Chaque mercredi avant le début du Billabong Pipe Masters, qui prendra ses quartiers sur le North Shore d'Oahu du 8 au 20 décembre 2019, Surf Report vous propose de remonter le temps afin de revenir sur les instants qui ont forgé l'histoire de la mythique épreuve hawaïenne. Cette semaine : le jour où Didier Piter, seul européen invité sur l'event, a atteint les demi-finales de l'épreuve reine.
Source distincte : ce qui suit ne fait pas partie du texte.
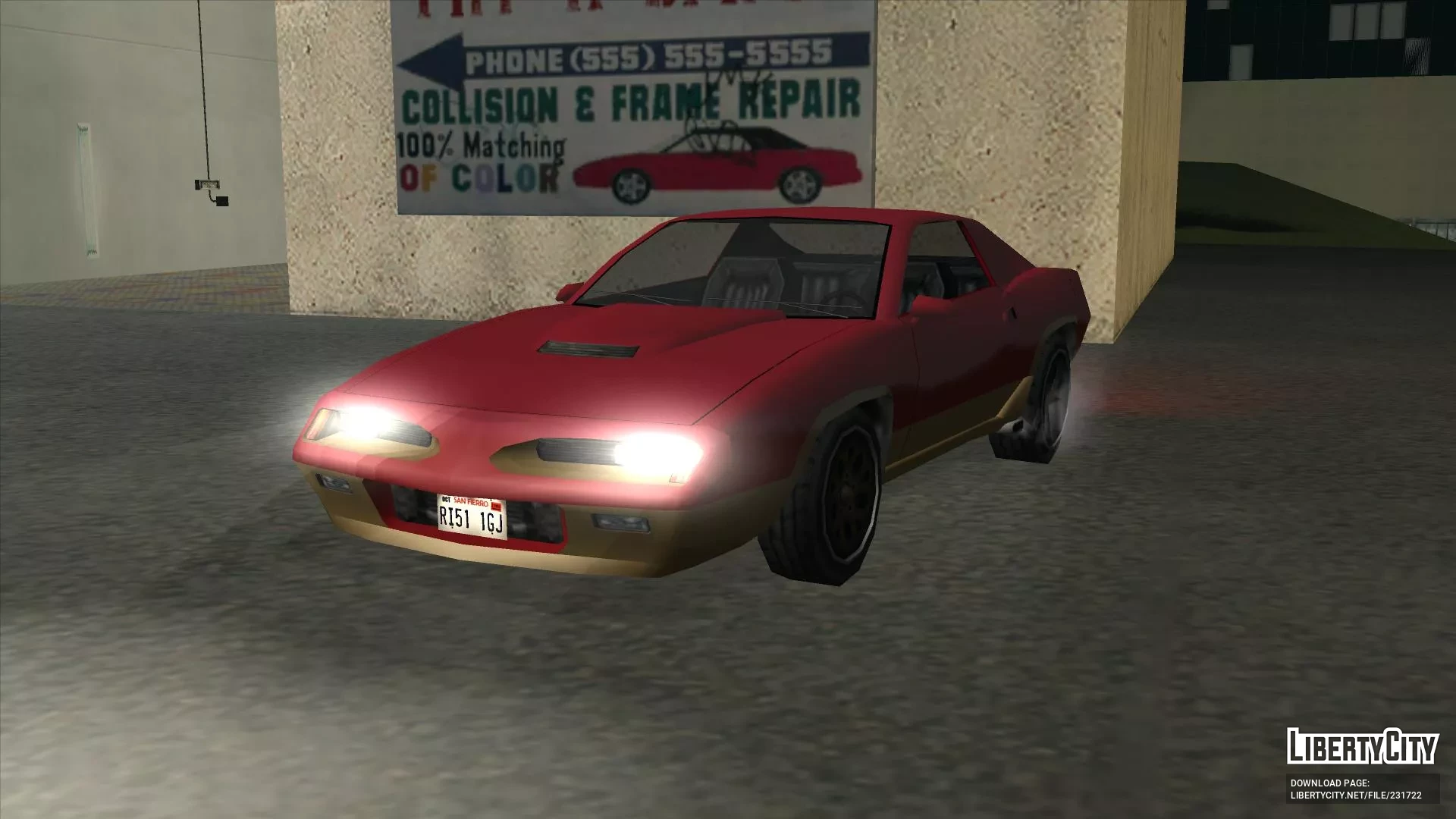 Сделан с нуля при использовании ассетов от Rockstar Games. Имеет стиль SA, собственные коллизию, LOD, тень. Основан на Pontiac Firebird третьего поколения.

"Pipeline est bien plus qu'un spot de surf, c'est un état d'esprit. Si, en plus, on est sincère et que l'on s'y consacre totalement, cela devient un état de grâce." Quand Gerry Lopez prononce ce discours lors de la soirée de cérémonie d'ouverture du Pipeline Masters 2001, il joue profondément sur les cordes émotionnelles et psychologiques d'un homme qui se sent concerné plus que quiconque. Et les mots qu'il emploie, qui transpirent la science et le savoir, ne tombent pas dans l'oreille d'un sourd. "Quand la légende du Pipe te dit ces choses-là, c'est sincère et ça a du sens. Et quand il a fait ce speech, ça a tout de suite résonné dans ma tête", raconte aujourd'hui Didier Piter. En sa qualité de seul Européen invité sur le Pipe Masters, une lourde pression repose sur les épaules du Landais. Car au-delà d'une fierté nationale et continentale, c'est un défi personnel que s'apprête à relever le surfeur de 30 ans, en défiant une vague qui nourrit ses fantasmes depuis des années.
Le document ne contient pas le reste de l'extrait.